資晴が新しく作った高炉とは反射炉の事であり幕末に西欧列強と列するには大量の鉄が必要でありそれを踏まえた先取りと言えた、資晴は本来新しい技術やこれまでにない物に触れる事に誰よりもその喜びを幼少時より経験しておりその素晴らしさを理解している、那須家の滅亡と言う回避しなければならぬという宿命に抗う中で出会った数々の洋一から授かった知識に助けられその知識を現実の物へと誕生させてきた資晴である、政から距離を置き、年齢こそ51を過ぎたがそこには紛れもない冒険家でもあり発明家でもあり童子に戻った資晴の姿があった、この資晴が新しく挑む新技術は後に産業革命へと歩むこと繋がる、世界史における史実より200程先取りした新時代へと歩むことに。
以上にて那須家の再興 今ここに! を完結させて頂きます。
2023.6.23より執筆した最初の作品がなんとか完結した事に皆様に心から感謝申し上げ致します、がむしゃらに一気に書き始めて一体どんな作品になるのか、完結せずに終わるのか、迷路の中を走り回った感がいがめないですが、取り合えず辿り着きました、本当にありがとう御座いました。感謝感謝しかありません、皆様本当にありがとうございました。
色々な作品を読む中で、いつしか自分も作品を書いて見たいと言う夢から題材はどうしようか? 素人の自分に書ける内容は何なのか? 書きたいけど何から書けばいいのかと言った所からのスタートでした。

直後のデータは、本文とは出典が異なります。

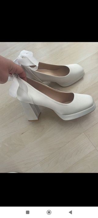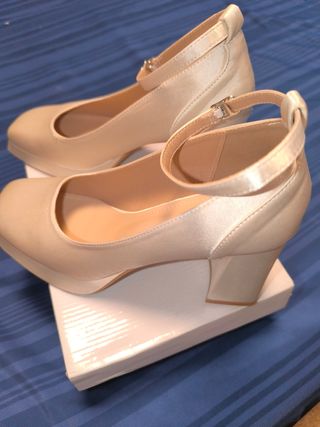Preciosos zapatos de novia en raso blanco,(aunque en fotos con flash parecen más beige son blancos roto), talla 40. Ideales para un look elegante y sofisticado. Apenas usados unas horas para boda civil. Van con lazo que se pueden poner o no. - Tacón grueso y cómodo. - Diseño de salón con tira al tobillo.
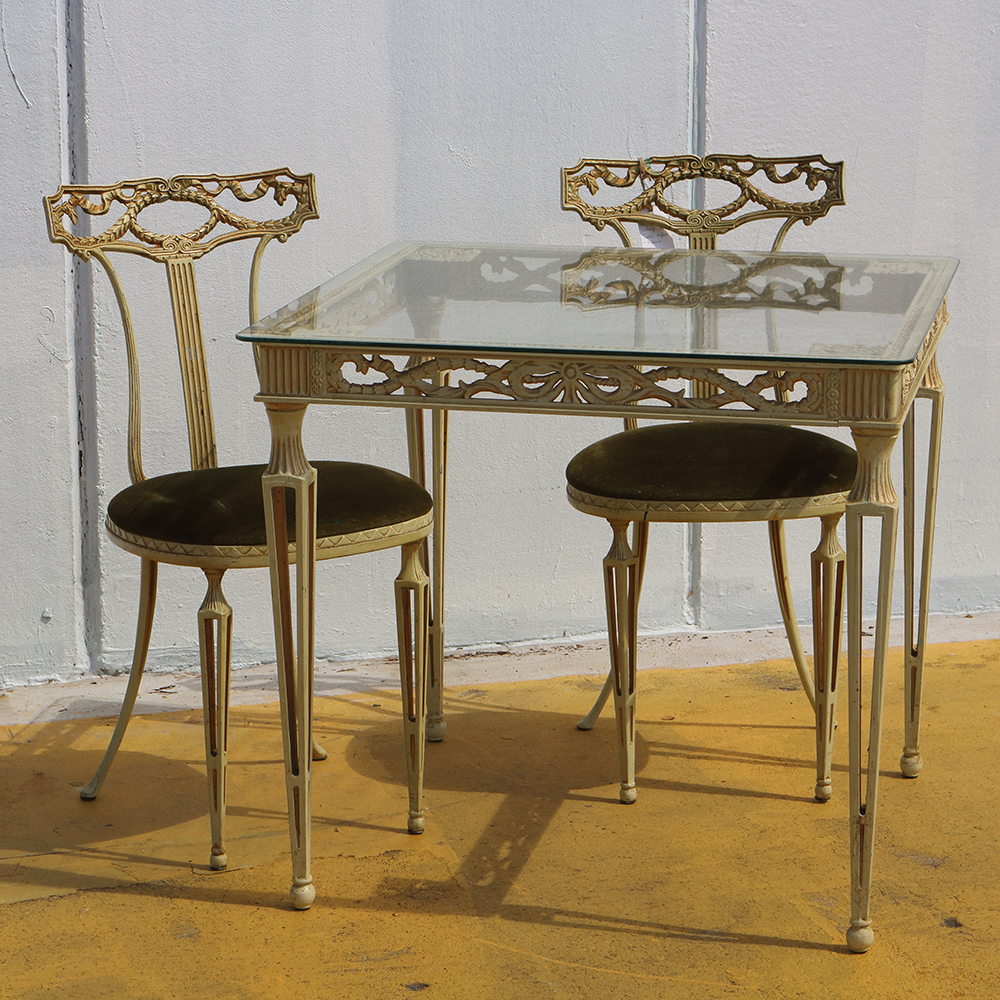 A three-piece Kentcast furniture setting of table with glass and chairs.
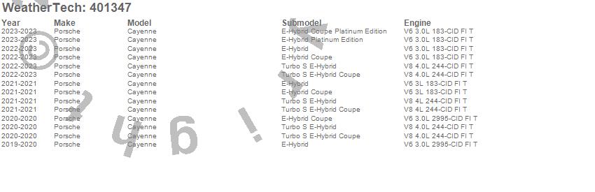 Below is an abbreviated list of applications for the Cargo Liner.Cayenne, Porsche, 2023, 2022, 2021, 2020, 2019
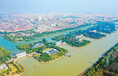 宁夏回族自治区银川市在第一再生水厂建设“口袋公园”。图为银川市节水主题公园。 |

読者の皆様には充分伝わっているかと思いますが、題材を考えている内に、そうだ、以前自分の名前である苗字について氏に付いて調べた『今成』という性の由縁を織り交ぜたら面白そうな作品が出来るかも知れない、オリジナル性があっていいかもと言う事で作品の中には私の名前である『今成』という名前を、ご先祖探しも入れさせて頂きました、読者の皆様には無理やり今成という氏名を知って頂き恐縮ですが作中に書きました今成という氏の話はほぼ本当の事を書かせて頂きました。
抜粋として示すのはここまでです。